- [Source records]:
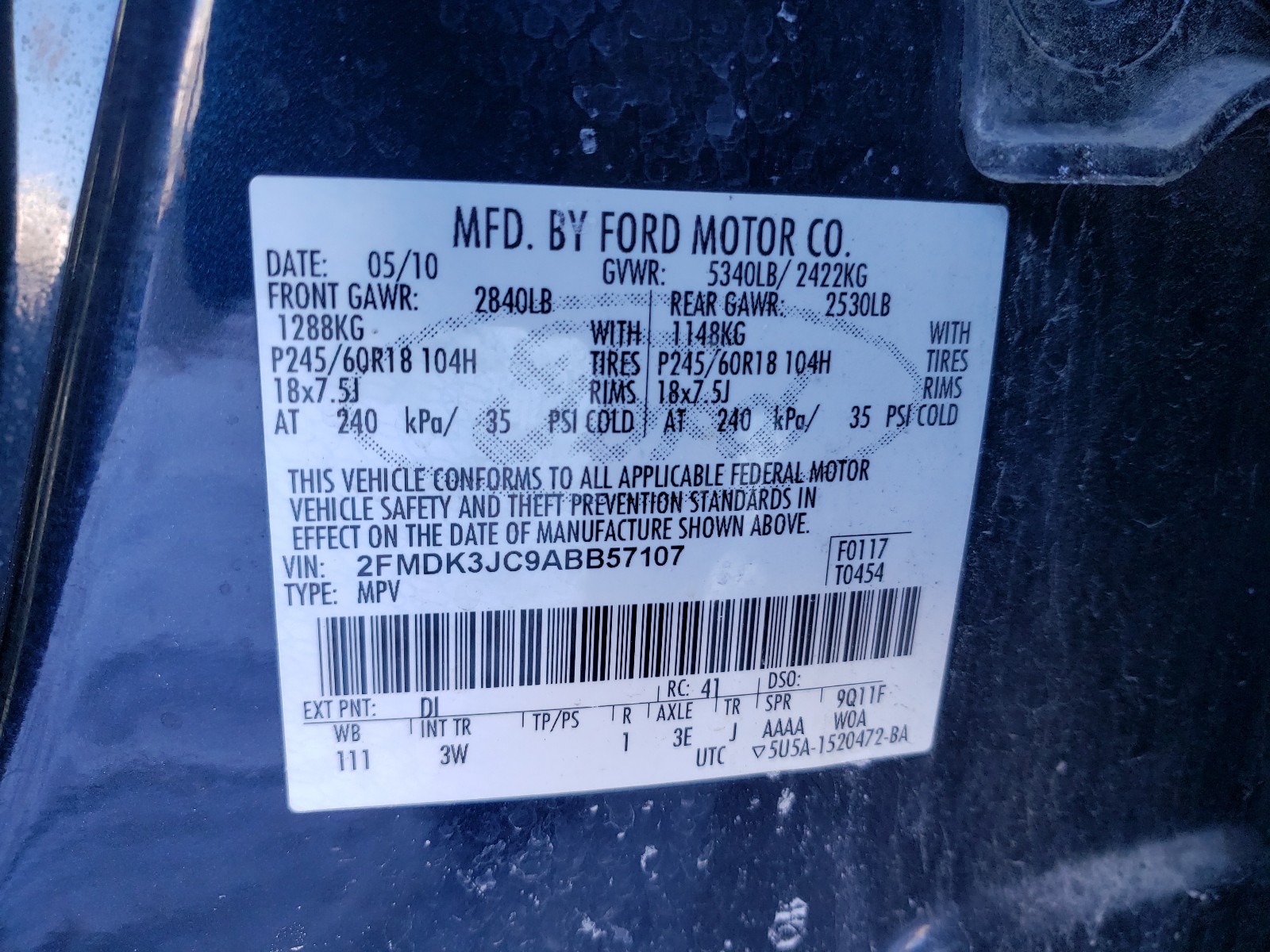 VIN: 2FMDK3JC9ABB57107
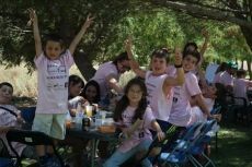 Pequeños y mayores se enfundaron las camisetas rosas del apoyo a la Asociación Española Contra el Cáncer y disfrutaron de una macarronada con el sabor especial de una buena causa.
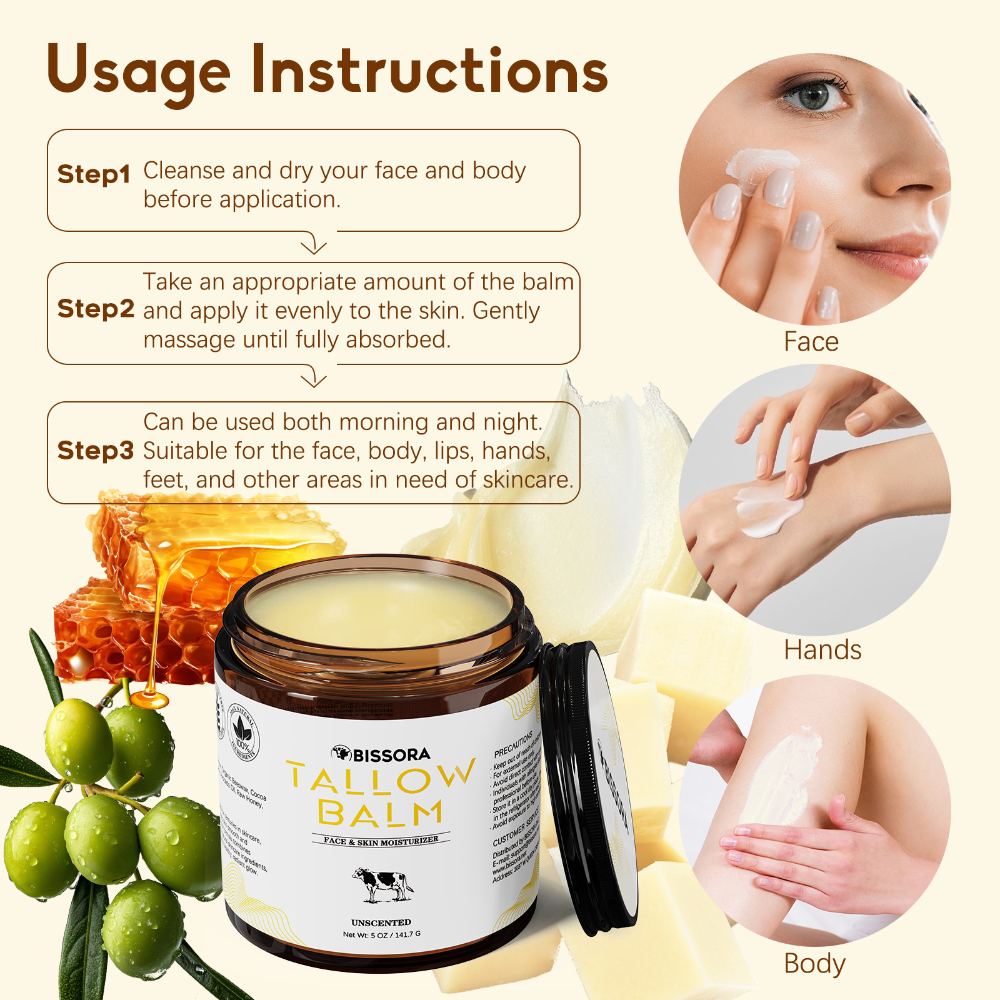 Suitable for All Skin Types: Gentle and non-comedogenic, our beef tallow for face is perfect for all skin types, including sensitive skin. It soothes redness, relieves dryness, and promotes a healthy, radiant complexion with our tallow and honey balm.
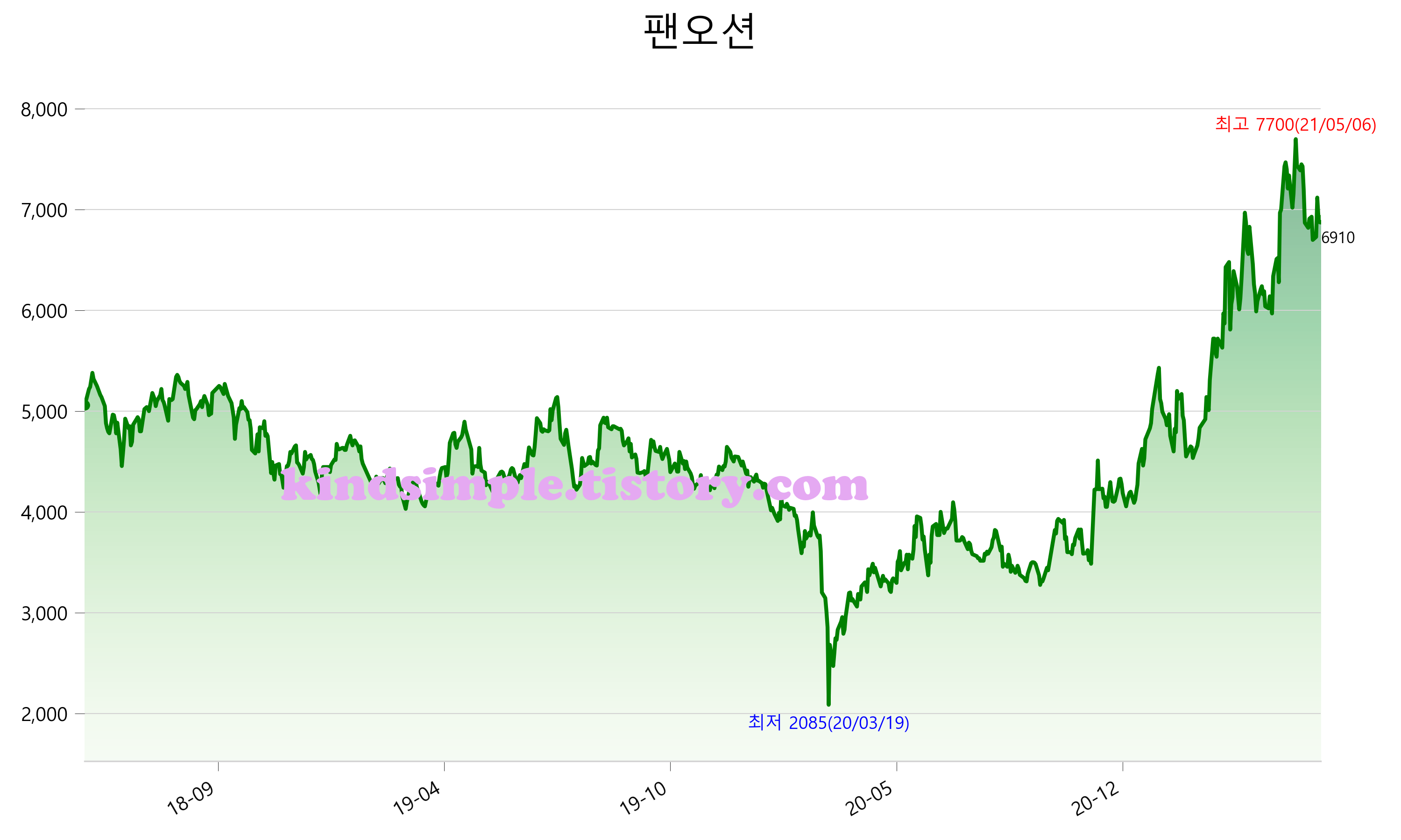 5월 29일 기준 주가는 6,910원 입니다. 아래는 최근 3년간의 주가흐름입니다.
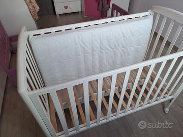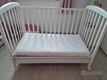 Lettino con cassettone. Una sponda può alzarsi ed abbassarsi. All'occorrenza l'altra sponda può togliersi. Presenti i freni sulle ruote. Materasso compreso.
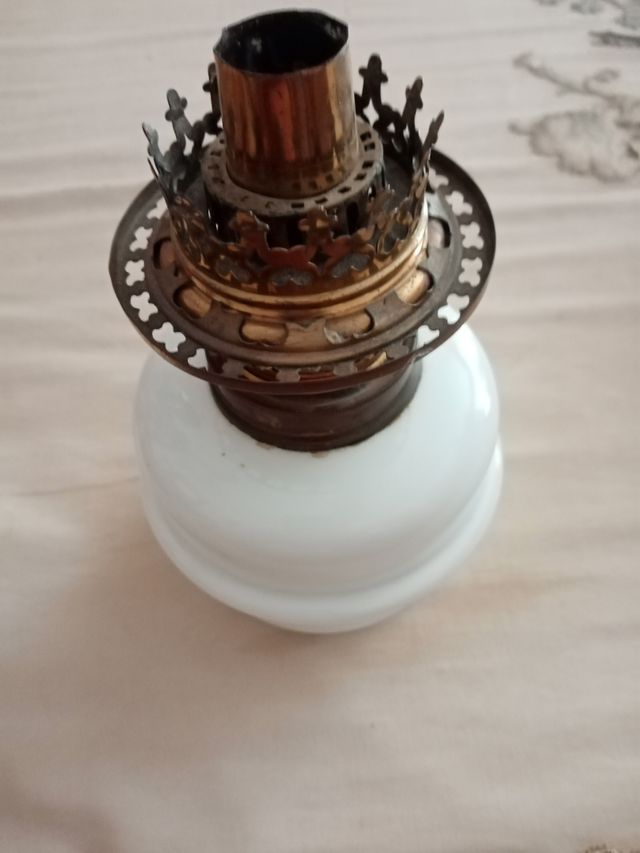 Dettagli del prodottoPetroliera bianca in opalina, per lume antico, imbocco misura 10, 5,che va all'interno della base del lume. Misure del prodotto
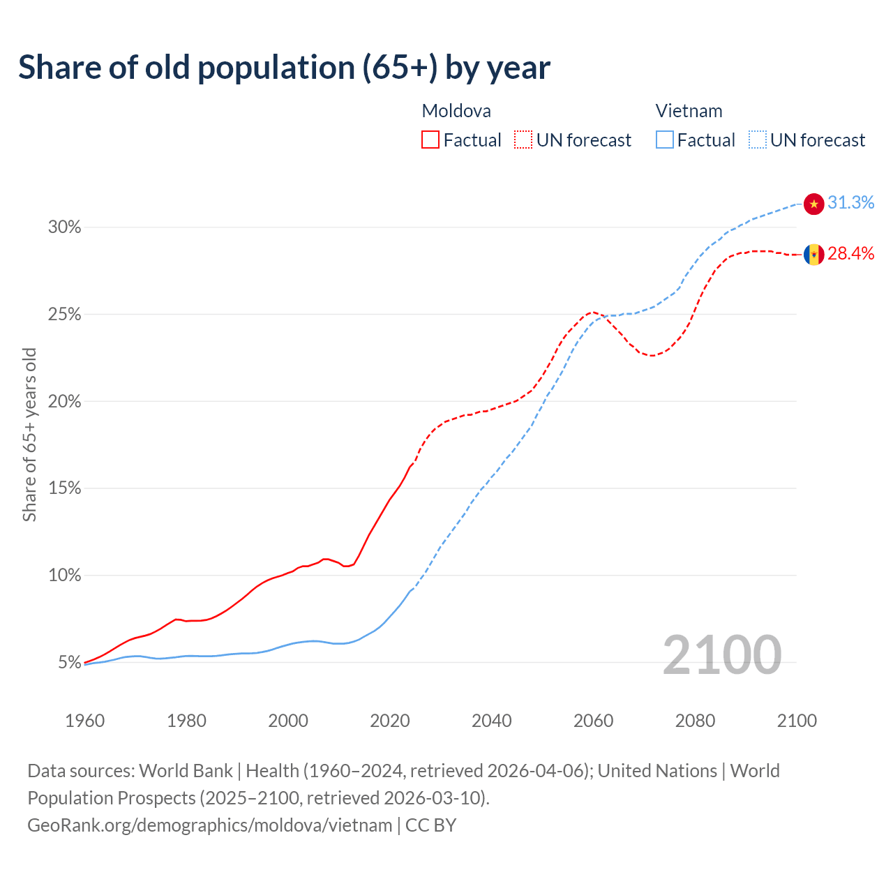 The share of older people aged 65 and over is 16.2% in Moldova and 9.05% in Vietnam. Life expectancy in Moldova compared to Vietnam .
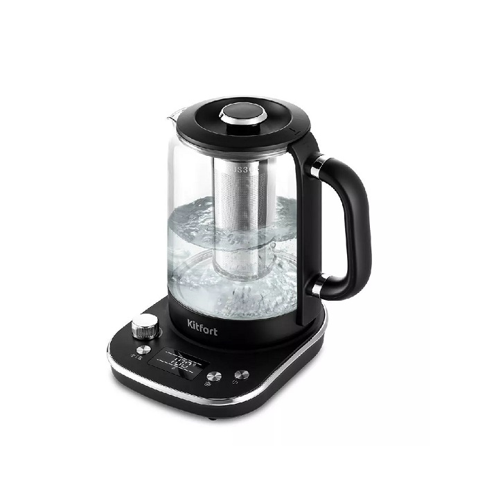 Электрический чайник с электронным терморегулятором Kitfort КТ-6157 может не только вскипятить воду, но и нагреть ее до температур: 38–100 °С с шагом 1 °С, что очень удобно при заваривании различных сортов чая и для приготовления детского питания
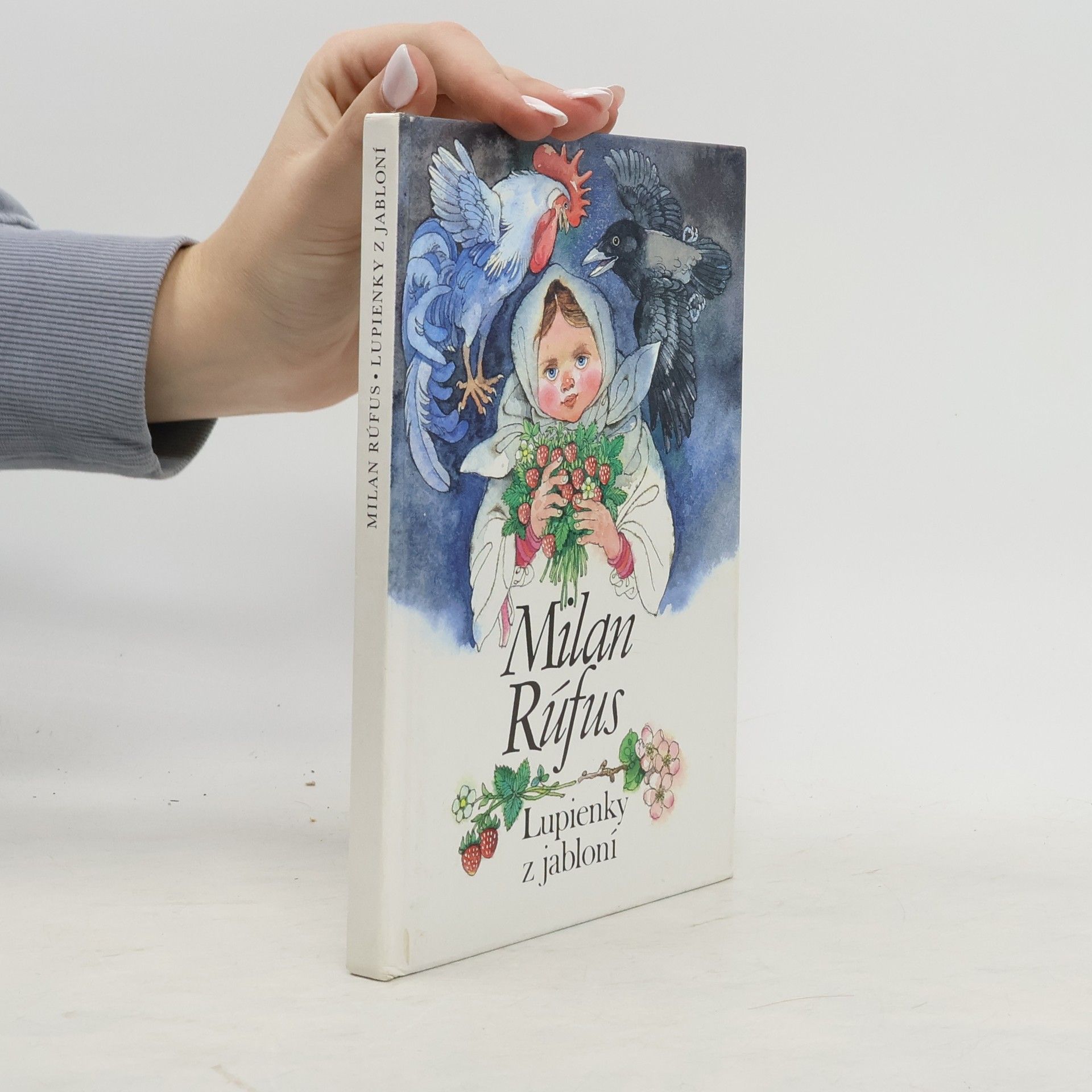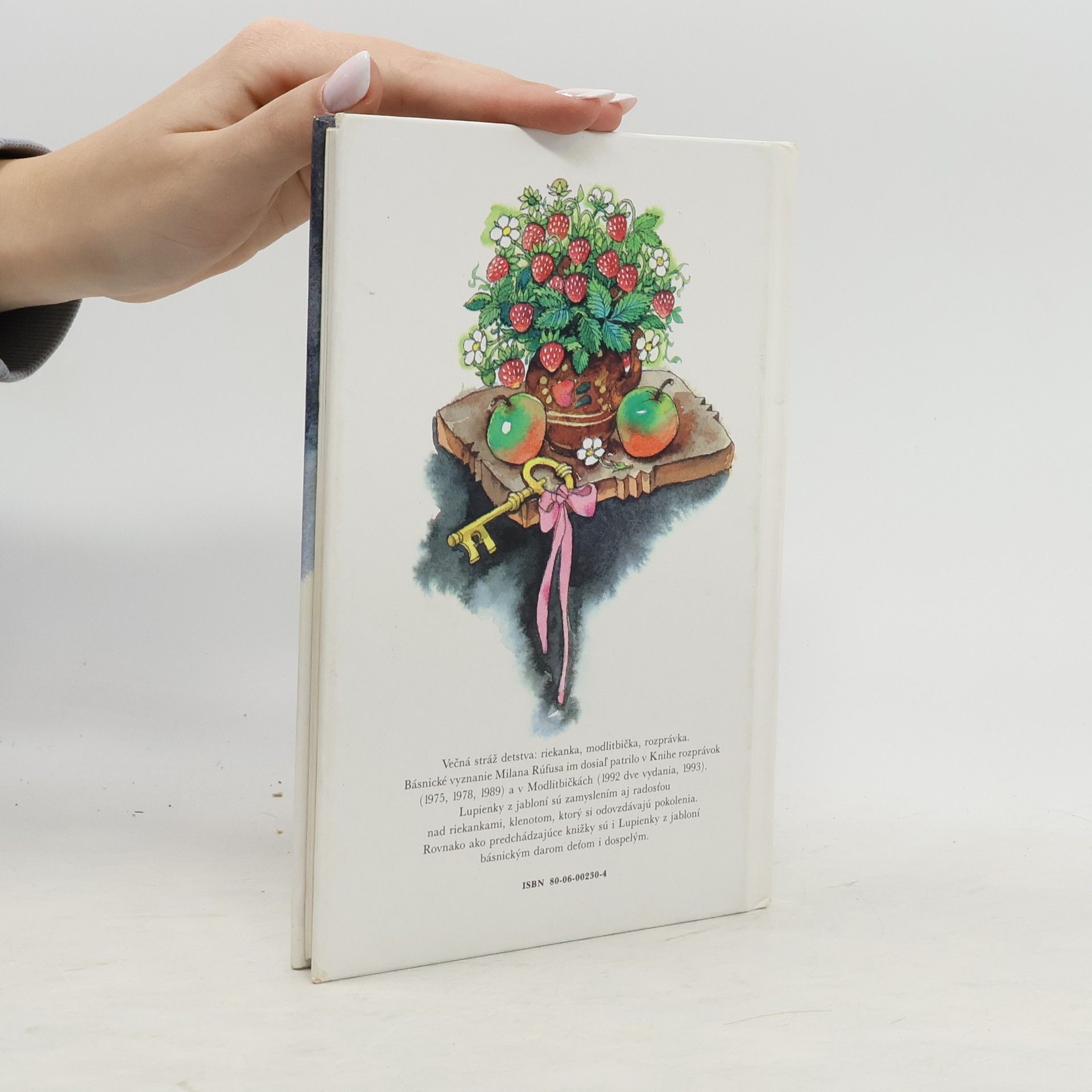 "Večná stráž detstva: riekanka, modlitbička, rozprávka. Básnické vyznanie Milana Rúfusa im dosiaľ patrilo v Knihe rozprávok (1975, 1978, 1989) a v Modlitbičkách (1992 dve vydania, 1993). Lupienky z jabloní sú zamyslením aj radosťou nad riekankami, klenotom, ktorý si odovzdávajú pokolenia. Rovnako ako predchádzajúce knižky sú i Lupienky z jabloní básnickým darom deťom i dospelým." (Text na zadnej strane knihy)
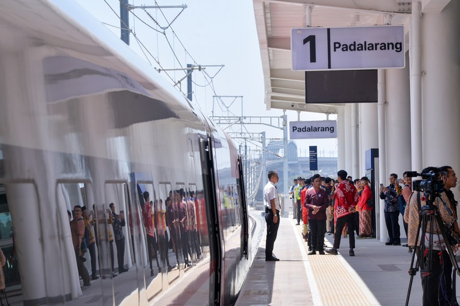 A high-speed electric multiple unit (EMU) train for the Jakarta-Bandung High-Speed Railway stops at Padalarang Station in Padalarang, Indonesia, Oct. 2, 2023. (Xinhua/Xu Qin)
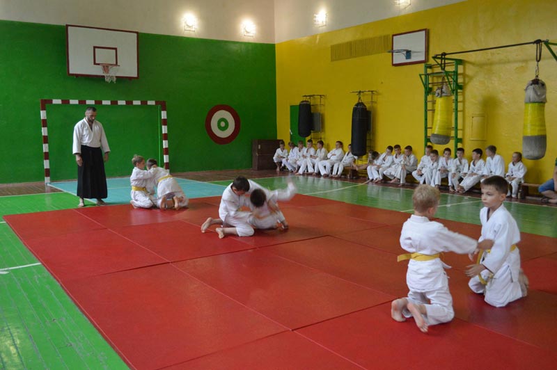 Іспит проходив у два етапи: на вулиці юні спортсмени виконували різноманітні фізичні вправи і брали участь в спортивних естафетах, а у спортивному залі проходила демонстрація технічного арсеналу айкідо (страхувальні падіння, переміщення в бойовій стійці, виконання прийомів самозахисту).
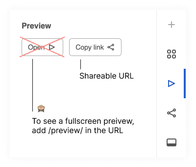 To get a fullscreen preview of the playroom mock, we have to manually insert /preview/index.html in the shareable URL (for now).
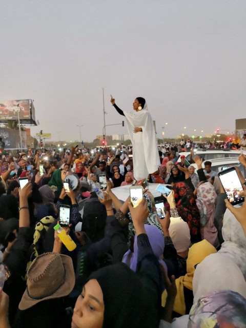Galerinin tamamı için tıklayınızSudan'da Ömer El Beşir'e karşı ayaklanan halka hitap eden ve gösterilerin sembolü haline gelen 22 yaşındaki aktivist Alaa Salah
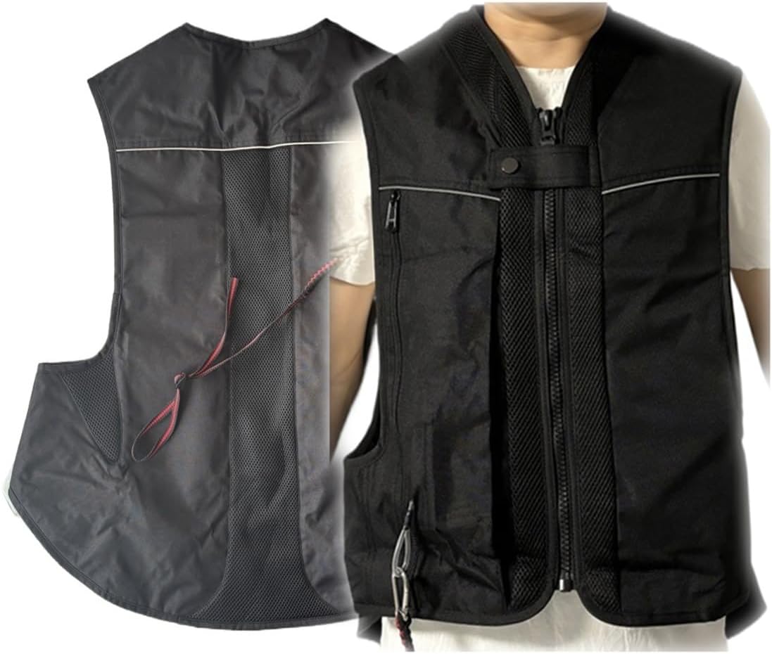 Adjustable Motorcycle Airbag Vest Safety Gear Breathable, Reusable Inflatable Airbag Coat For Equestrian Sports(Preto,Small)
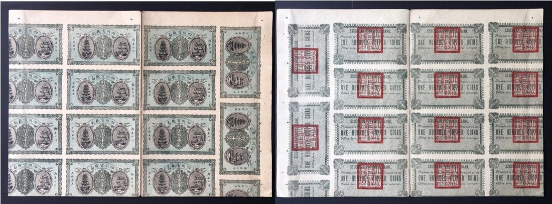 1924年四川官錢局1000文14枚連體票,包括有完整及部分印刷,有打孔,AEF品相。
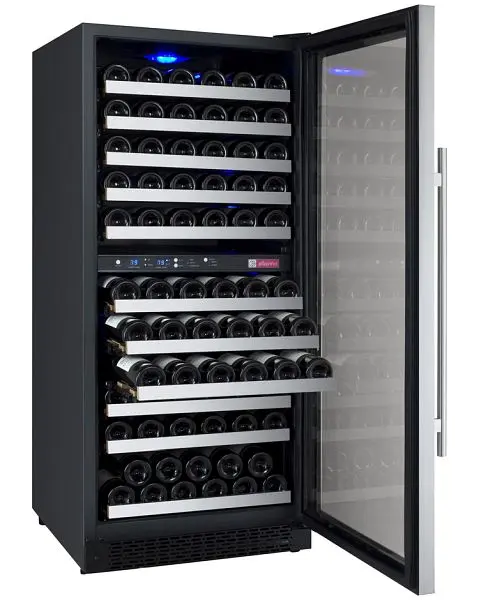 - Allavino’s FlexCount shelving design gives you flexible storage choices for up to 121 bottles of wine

- [Work required]:
Write out exactly the lines that run from the one containing "To get a fullscreen" to the last line of the entries above, both ends kept, pictures left out.

- [Result of this exercise]:
 To get a fullscreen preview of the playroom mock, we have to manually insert /preview/index.html in the shareable URL (for now).
Galerinin tamamı için tıklayınızSudan'da Ömer El Beşir'e karşı ayaklanan halka hitap eden ve gösterilerin sembolü haline gelen 22 yaşındaki aktivist Alaa Salah
 Adjustable Motorcycle Airbag Vest Safety Gear Breathable, Reusable Inflatable Airbag Coat For Equestrian Sports(Preto,Small)
 1924年四川官錢局1000文14枚連體票,包括有完整及部分印刷,有打孔,AEF品相。
 - Allavino’s FlexCount shelving design gives you flexible storage choices for up to 121 bottles of wine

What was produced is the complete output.